# Advise on choosing a fursona breed?



## Mrs. Sullivan (Dec 13, 2019)

_/I hope I'm wording that right LOL/_

I'm still incredibly new to the fandom and I've really been trying to figure out what kind of fursona I should have. I have so many animal preferences but I just don't feel like any of them match my personality. I'm leaning towards something canine or feline, but I love bears and I could see myself as a mini-bear or something, but I'm not sure? All I know is I like being small, I like the cold, I like meat, and I love soft-cute things. :B

Are there any really good quizzes or guides on this sort of thing? I have the colour-scheme and fur patterns figured out, but it's the animal part I'm having trouble deciding on. - Which is kind of vital I know.


----------



## Trevorbluesquirrel (Dec 13, 2019)

Yes, many quizzes are available online!

I actually suggested 4 different quizzes to another user! Links are in this forum!

forums.furaffinity.net: Hellooo!

Would love to hear the results!


----------



## Mrs. Sullivan (Dec 13, 2019)

Thank you so much for the suggestions! Though I ended up getting three different ones out of the four quizzes lol. It's like even they don't know what I should be.

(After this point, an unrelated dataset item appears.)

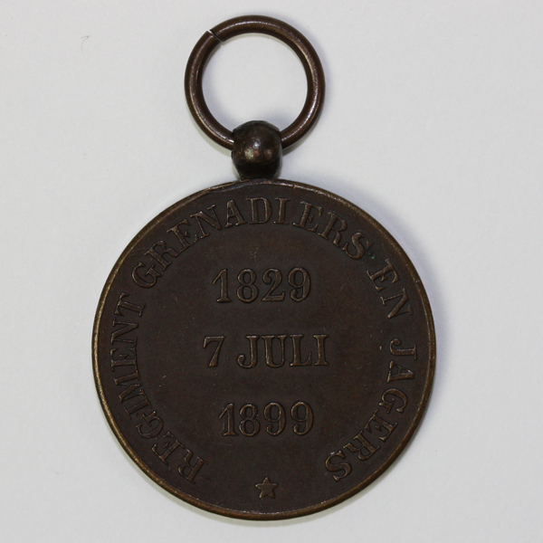Bronzen medaille met op de voorkant een laurierkrans waarbinnen het opschrift 'HERINNERING AAN HET 70 JARIG BESTAAN'. Op de achterkant staat het opschrift 'REGELMENT GRENADIERS EN JAGERS / 1829 / 7 JULI 1899. Aan de medaille zit een ophangoog bevestigd met daarin een ring.

XD


----------



## Trevorbluesquirrel (Dec 13, 2019)

Well, they must all represent different aspects of your personality!

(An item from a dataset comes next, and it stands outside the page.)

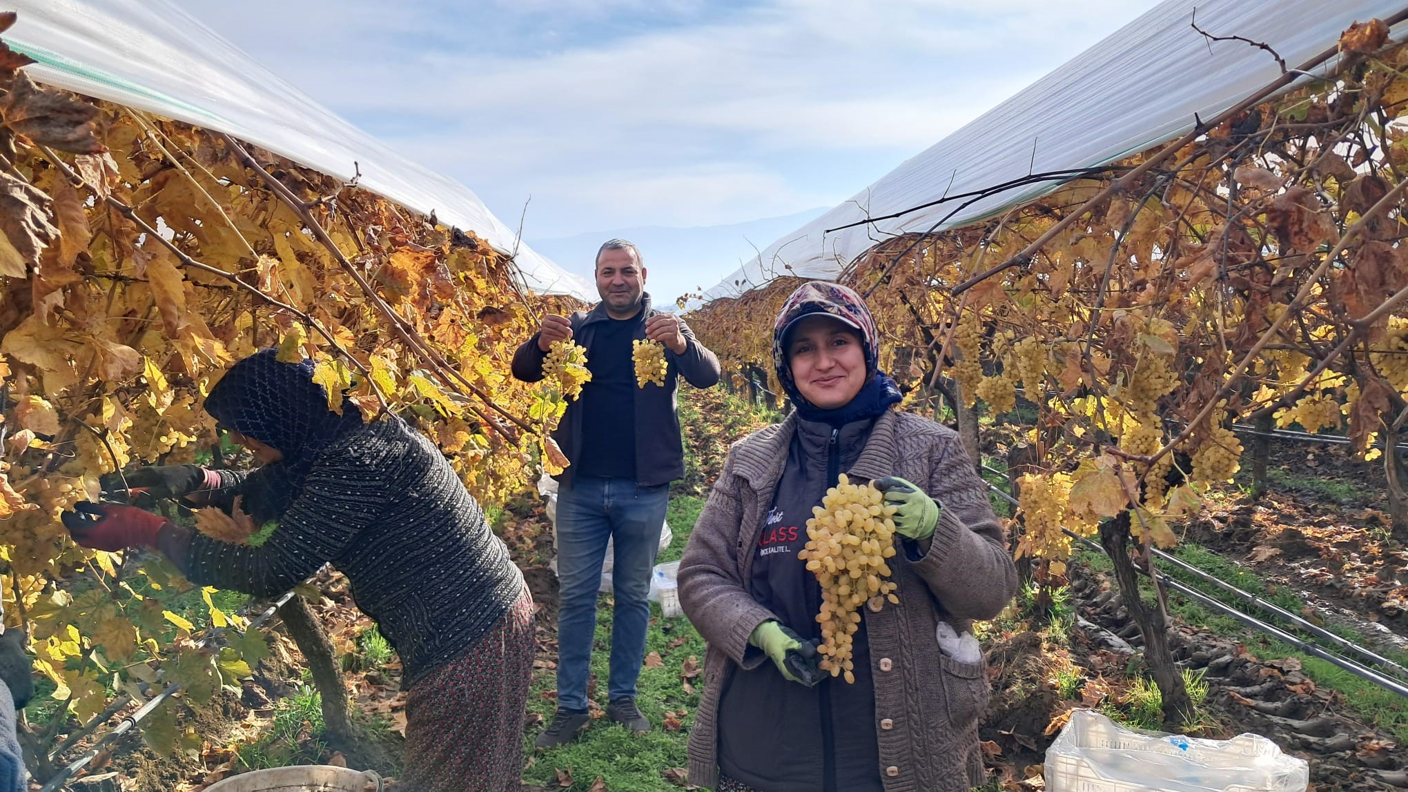 Her yıl yeni yıl döneminde pazarlara üzüm sunmasıyla bilinen üretici Musa Topdemir, temmuz ayından bu yana örtü altında beklettiği dünyaca ünlü Coğrafi işaretli Çekirdeksiz Sultaniye üzümleri keserek sevkiyata hazırladıklarını belirtti.

That's why some furries have multiple sonas!

Like, I first got skunk and cat, and I can see how I have aspects of their species, but decided that squirrel was the best fit!

I actually was thinking skunk before the test, and almost chose it!

It would still be my secondary sona!

Its really just for ideas, as it might give you a critter you never considered, but that actually matches you quite well!

If you pick one of your results, a hybrid of them, or something else is up to you!


----------



## MaelstromEyre (Dec 13, 2019)

First of all - WELCOME TO THE FANDOM!

As far as your fursona, one of the most important things to keep in mind is IT IS YOURS.

It's not a competition, don't feel like you have to "get it right the first time"or be the center of attention.  

Don't let people shame you for the species you choose - there are always critics, but they are not YOU, they don't know what species (or combination of species) best fits YOU  It could be a common species, it  could be something you rarely see in the fandom, it could be a species created by someone else, or you could create an entirely new species for yourself.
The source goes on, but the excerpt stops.